La nouvelle étude sur les sans-abri ou sans chez soi en wallonie
Alice Bernard a mis en avant la nouvelle étude faisant état de 19 000 personnes en situation de sans-abrisme ou d’absence de chez soi en Wallonie, dont 4 713 enfants, et a dénoncé l’écart entre ces chiffres et les engagements de la Déclaration de politique régionale, en particulier l’objectif de 3 000 nouveaux logements publics. Elle a estimé que les dispositifs d’urgence et Housing First ne suffisent pas sans une augmentation préalable du parc de logements, et a critiqué la faiblesse des réalisations en matière de logements publics. Dans l’extrait transmis, aucune réponse de la ministre Morreale n’apparaît.
L’accès au logement et l’avenir du chèque-habitat
Les intervenants ont souligné la difficulté croissante d’accès à la propriété, en particulier pour les jeunes primoacquéreurs, en raison notamment des exigences d’apport personnel et du niveau des prix. Ils ont interrogé le ministre sur les contours du futur plan Logement, sur l’avenir du chèque-habitat et sur l’éventuelle réaffectation de ses 300 à 400 millions d’euros annuels vers des mesures plus ciblées, comme le relèvement de la quotité exemptée, le soutien aux communes ou des mécanismes tels que le bail réel solidaire. Le ministre a rappelé les dispositifs existants — prêts sociaux, relèvement de la quotité exemptée et maintien du chèque-habitat — tout en laissant entendre qu’une réforme plus efficace et mieux ciblée devait être envisagée. Il a également été question du rapport parlementaire sur la réforme immobilière, dont les conclusions et recommandations ont été jugées utiles pour nourrir la réflexion.
L’adéquation entre la taille des logements publics et la composition du ménage
Yves Evrard a relevé, à partir d’un rapport du CEHD, le vieillissement important des locataires de logements publics, la diminution du parc entre 2006 et 2021 et la difficulté à faire coïncider la taille des logements avec celle des ménages. Il a interrogé le ministre sur les mécanismes permettant d’adapter la composition du logement au cours de la vie, sur l’accès à un meilleur « ascenseur social » et sur le suivi des conditions d’occupation, en lien aussi avec la fraude sociale. Le ministre a indiqué avoir déjà mobilisé d’importants moyens pour accroître l’offre, tandis qu’Evrard a plaidé pour un monitoring plus régulier et une actualisation des critères afin de mieux répondre à la demande et aux besoins.
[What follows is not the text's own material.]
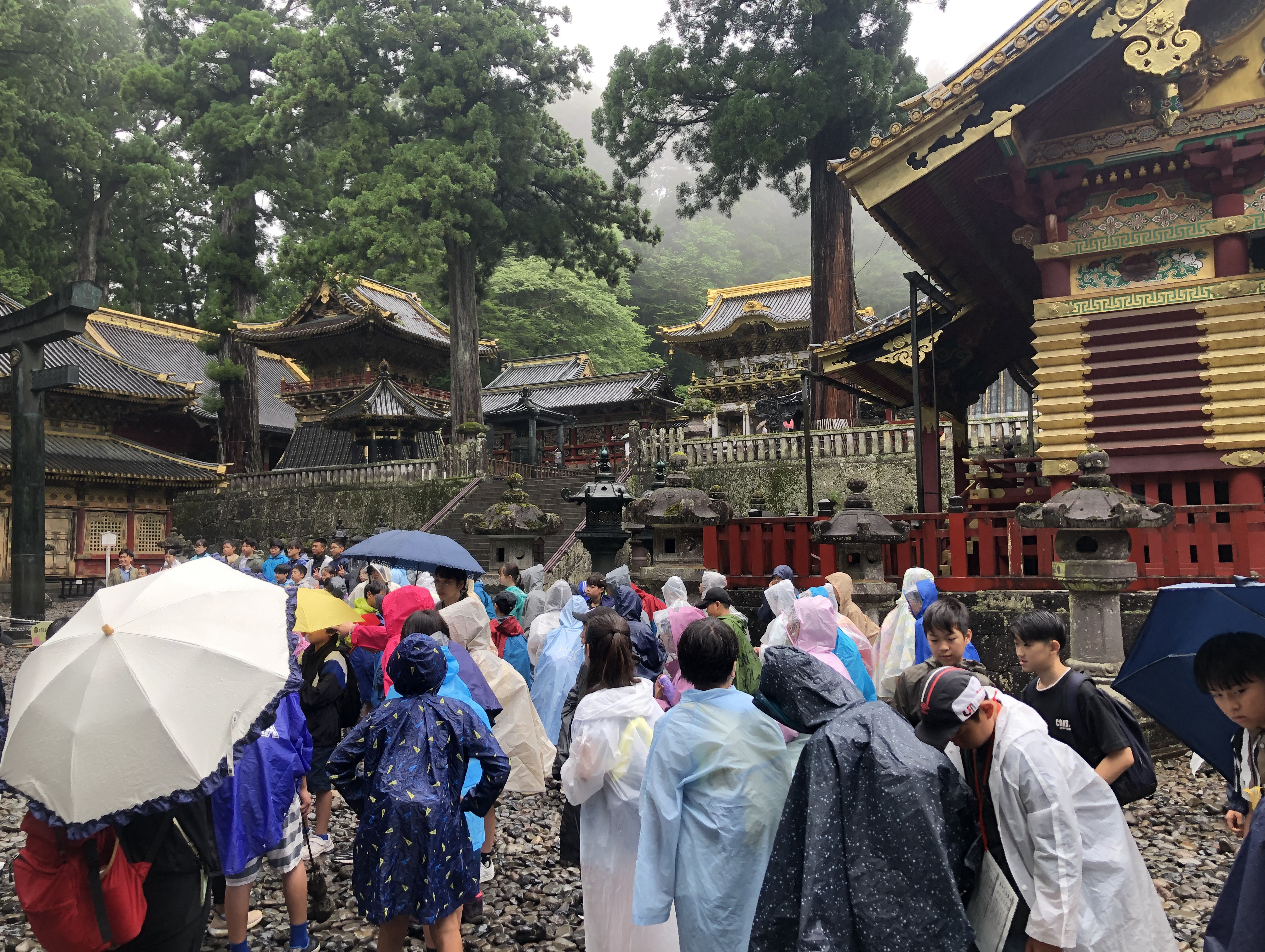 大型バス3台で出発!楽しみに待った修学旅行。1日目は「足尾銅山」に行き、トロッコに乗って東洋一の銅山を見学しました。「いろは坂」を抜けて「湯滝」をみんなで見学。高さ70m、最大幅25m。華厳の滝と竜東の滝と並んで奥日光三名瀑の一つとされています。本日の宿泊ホテルは「日光グランドホテル」です。とてもきれいなホテルで、児童の皆さんも喜んでいただけました。2日目は「輪王寺」「日光東照宮」「華厳の滝」を3か所見学しました。2日目の天候が雨だったので、児童の皆さんびしょぬれになりながらも、楽しんでいただけた様子を見れてよかったです。素敵な思いでが作れてよかったですね。

Les résultats de l’enquête solidaris sur le logement
Le questionneur a dénoncé la hausse très forte des loyers en Wallonie, en citant plusieurs exemples à Mons, Liège et Namur, et a estimé que la politique du Gouvernement ne répondait pas aux difficultés d’accès au logement pour les jeunes travailleurs et les ménages en formation. Il a plaidé pour des mesures plus contraignantes sur les loyers, en reprochant au PS d’avoir rejeté une grille obligatoire. Le ministre a évoqué les instruments déjà mis en place, notamment les investissements en rénovation et la grille indicatrice ou incitative des loyers, tout en défendant l’action du Gouvernement face aux critiques sur son efficacité.
L’accès à la propriété pour les jeunes
Nicolas Tzanetatos a souligné la difficulté croissante pour les jeunes d’accéder à la propriété en raison de la hausse des prix immobiliers et de la charge fiscale, en citant une étude montrant qu’une majorité de 21 à 35 ans estime cet objectif quasi impossible. Il a proposé plusieurs pistes, dont un allègement fiscal, des prêts plus avantageux via les sociétés de crédit social et un accès facilité à la propriété dans le logement public. Le ministre a répondu en ouvrant la porte à l’examen de ces leviers, notamment l’amélioration des conditions de crédit et l’utilisation du logement public comme outil de mixité et d’accès progressif à la propriété.